Per-deployment configuration (`[dpf.deployments.*]`)

Each DPU generation is provisioned by its own DPUDeployment, configured under [dpf.deployments.<name>]. BF3 is always present with built-in defaults; BF4 (generic) is opt-in and is activated only when a [dpf.deployments.bf4_generic] table is present. Both deployments run side-by-side, each with its own DPUFlavor and DPUDeployment. BF3 uses a BFB URL (bfb_url) and BF4 uses a [bluefield_software] block instead of a BFB.

Every active deployment must have a unique deployment_name, flavor_name, and node_label_key; carbide-api validates this at startup and refuses to start if any deployments collide.

1 # BF3 is present by default. Override only if any change is needed.
2 [dpf.deployments.bf3]
3 bfb_url         = "https://content.mellanox.com/BlueField/BFBs/Ubuntu24.04/bf-bundle-3.2.2-125_26.02_ubuntu-24.04_64k_prod.bfb"
4 flavor_name     = "carbide-dpu-flavor"
5 deployment_name = "nico-deployment-v2"
6 node_label_key  = "carbide.nvidia.com/controlled.node.v2"
7 
8 # BF4 generic is opt-in. Add this table to provision BF4 DPUs via a second
9 # DPUDeployment alongside BF3. All identifiers must differ from BF3's.
10 [dpf.deployments.bf4_generic]
11 # NOTE: bfb_url must NOT be set here.
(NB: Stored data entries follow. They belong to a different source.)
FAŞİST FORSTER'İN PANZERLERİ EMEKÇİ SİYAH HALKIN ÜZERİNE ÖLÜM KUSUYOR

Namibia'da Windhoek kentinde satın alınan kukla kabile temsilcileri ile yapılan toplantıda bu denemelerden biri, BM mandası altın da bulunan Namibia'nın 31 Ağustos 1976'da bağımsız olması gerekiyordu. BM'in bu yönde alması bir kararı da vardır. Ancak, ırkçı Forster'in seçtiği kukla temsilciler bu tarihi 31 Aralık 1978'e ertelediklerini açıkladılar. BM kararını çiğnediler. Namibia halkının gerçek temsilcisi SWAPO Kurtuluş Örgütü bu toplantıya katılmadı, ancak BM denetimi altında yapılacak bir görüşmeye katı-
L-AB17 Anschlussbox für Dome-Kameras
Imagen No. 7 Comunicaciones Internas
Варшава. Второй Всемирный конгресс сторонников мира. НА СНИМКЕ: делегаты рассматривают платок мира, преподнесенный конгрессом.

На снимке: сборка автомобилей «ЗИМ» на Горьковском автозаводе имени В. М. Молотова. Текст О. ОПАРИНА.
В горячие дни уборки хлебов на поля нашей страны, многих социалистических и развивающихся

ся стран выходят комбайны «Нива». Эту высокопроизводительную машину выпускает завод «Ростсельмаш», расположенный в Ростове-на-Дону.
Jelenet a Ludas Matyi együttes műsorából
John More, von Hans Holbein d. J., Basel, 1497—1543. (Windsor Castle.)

BF4 uses bluefield_software instead.
12 flavor_name    = "dpu-flavor-bf4" 
13 deployment_name = "dpu-deployment-bf4"
14 node_label_key  = "carbide.nvidia.com/controlled.node.bf4"
15  
16 [dpf.deployments.bf4_generic.bluefield_software]
17 # Shared across all PSIDs
18 os_iso = "https://artifacts.example.com/bfb.3.3.x.iso"
19  
20 # PSID -> PLDM firmware bundle URL.
21 # Currently exactly one PSID entry is supported.
22 [dpf.deployments.bf4_generic.bluefield_software.pldm_fw_bundle]
23 "MT_000000xxxx" = "https://artifacts.example.com/bf4/mt_000000xxxx.pldm"
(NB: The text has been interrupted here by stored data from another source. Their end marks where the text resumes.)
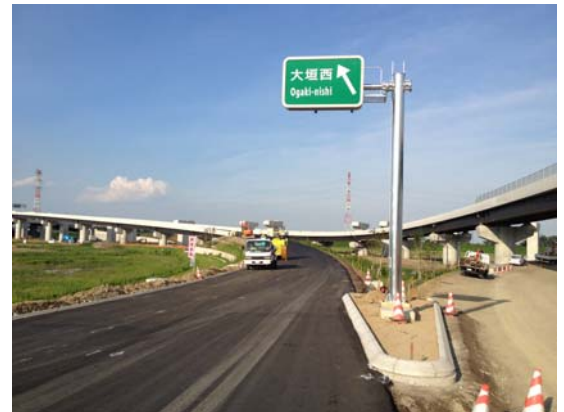
(養老JCT)の状況、東方面を望む (平成24年7月17日撮影)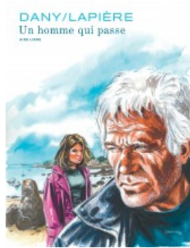
Un homme qui passe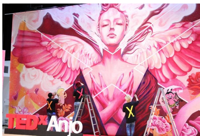
<過去のライブペインティングの様子>

横浜赤レンガ倉庫では、2018年7月28日(土)から8月26日(日)までの計30日間、イベント広場にて夏の旅行をテーマとした夏季限定イベント『Red Brick JOURNEY』を開催。開催前日の7月27日(金)11時より会場エントランスにて、 オープニングセレモニー並びにプレスプレビューを実施いたします。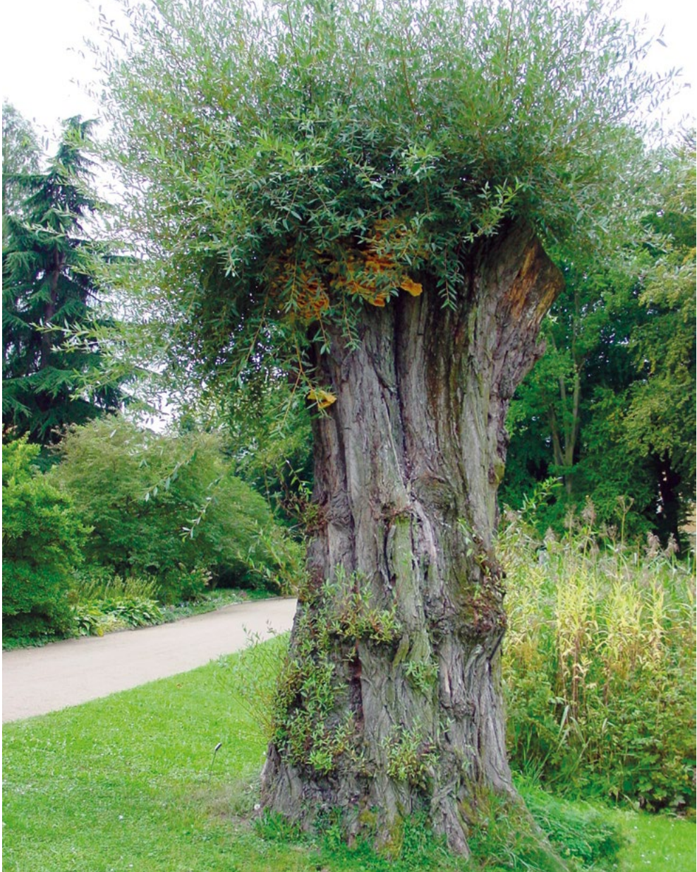
Abb. 2: Schwefelporling ( Laetiporus sulphureus ) auf der Dotterweide ( Salix alba var. vitellina ) am Teich im Botanischen Garten Frankfurt. Die 1950 gepflanzte Weide musste immer wieder zur Verkehrssicherung beschnitten werden und fiel 2012.

Thelephorales (3 Aufsammlungen/3 Arten): Thelephora anthocephala (Bull.) Fr. auf Totholz von Fagus sylvatica L., 1.1, 11.10.2014, Piepenbring M – Thelephora palmata (Scop.) Fr. in der Laubstreu, 1.1, 13.7.2007, Trampe T, HLW TT 284 – Thelephora terrestris Ehrh. auf Holzresten von Fagus sylvatica L., 1.1, 12.10.2013, Sandau H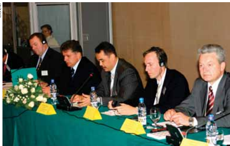
Семинар послужил основой для обсуждения вопросов, связанных с введением и организацией финансового мониторинга в странах Центральной Азии

Отдел финансовой разведки – это специальный отдел, который будет заниматься сбором и анализом информации о подозрительных транзакциях и сотрудничать с правоохранительными органами Узбекистана и других стран с целью укрепления всемирной борьбы с отмыванием денег и финансированием терроризма.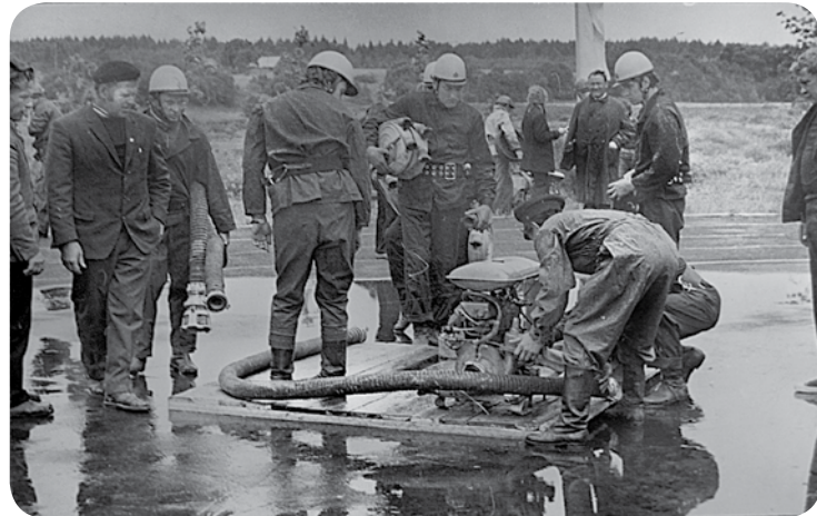
Vīru komanda pirms sacīkstēm.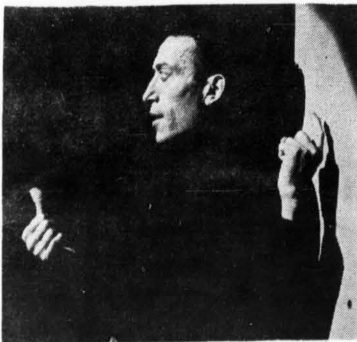
PHILIPPE CLAY, l'un des plus grands fantaisistes du music-hall français, que l'on a surnommé l'acrobate de la chanson, donnera un tour de chant d'une heure à l'émission En habit du dimanche , télévisée au réseau français de Radio-Canada le 14 avril prochain, à 8 heures.

Per-deployment field reference:

TOML key	Required	Default (bf3)	Meaning
`bfb_url`	no	BF3 bf-bundle URL	BlueField firmware bundle (BFB) used to provision the DPU. Mutually exclusive with `bluefield_software`.
`bluefield_software.os_iso`	BF4 only	—	OS ISO URL used by BF4 deployments in place of a BFB. Required when `bluefield_software` is set.
`bluefield_software.pldm_fw_bundle`	BF4 only	—	Map of PSID → PLDM firmware bundle URL. Currently exactly one entry is supported.
`flavor_name`	yes	`carbide-dpu-flavor`	`DPUFlavor` CR name for this deployment.
`deployment_name`	yes	`nico-deployment-v2`	`DPUDeployment` CR name.
`node_label_key`	yes	`carbide.nvidia.com/controlled.node.v2`	Node-selector label key applied to this deployment’s DPUNodes.
`services`	no	inherit `[dpf.services]`	Optional per-deployment mandatory-services override (see below).
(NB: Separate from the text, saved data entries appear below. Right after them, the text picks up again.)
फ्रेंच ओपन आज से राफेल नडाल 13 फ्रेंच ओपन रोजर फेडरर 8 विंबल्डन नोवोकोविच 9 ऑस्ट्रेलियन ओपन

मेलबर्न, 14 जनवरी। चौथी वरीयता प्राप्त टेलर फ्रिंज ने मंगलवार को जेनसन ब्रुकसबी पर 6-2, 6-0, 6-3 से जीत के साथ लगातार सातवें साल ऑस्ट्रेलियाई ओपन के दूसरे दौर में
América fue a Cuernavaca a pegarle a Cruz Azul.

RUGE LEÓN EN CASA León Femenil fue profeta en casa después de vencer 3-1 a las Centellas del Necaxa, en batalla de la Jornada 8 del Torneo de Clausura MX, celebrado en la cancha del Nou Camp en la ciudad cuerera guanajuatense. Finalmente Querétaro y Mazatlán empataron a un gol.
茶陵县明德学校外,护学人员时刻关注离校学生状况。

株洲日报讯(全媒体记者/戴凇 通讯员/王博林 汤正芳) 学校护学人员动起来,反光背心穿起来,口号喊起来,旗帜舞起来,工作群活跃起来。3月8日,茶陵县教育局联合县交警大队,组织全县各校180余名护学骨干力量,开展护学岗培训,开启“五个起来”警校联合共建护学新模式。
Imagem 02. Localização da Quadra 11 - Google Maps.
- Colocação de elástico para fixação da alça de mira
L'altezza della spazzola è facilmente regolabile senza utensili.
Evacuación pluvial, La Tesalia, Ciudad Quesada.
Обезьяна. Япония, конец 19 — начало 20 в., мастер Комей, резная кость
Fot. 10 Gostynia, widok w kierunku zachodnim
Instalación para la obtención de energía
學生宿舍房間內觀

Per-deployment services override. By default every deployment inherits the top-level [dpf.services] mandatory services. A deployment can pin its own versions by adding a [dpf.deployments.<name>.services] block with the same six sub-tables as [dpf.services] (dts, doca_hbn, dpu_agent, dhcp_server, fmds, otel). This override replaces the inherited set for that deployment; any service sub-table you omit falls back to its built-in default, not to the top-level [dpf.services] value, so specify all six when using it. The top-level docker_image_pull_secret still applies on top of the resolved set (every service except dts and doca_hbn).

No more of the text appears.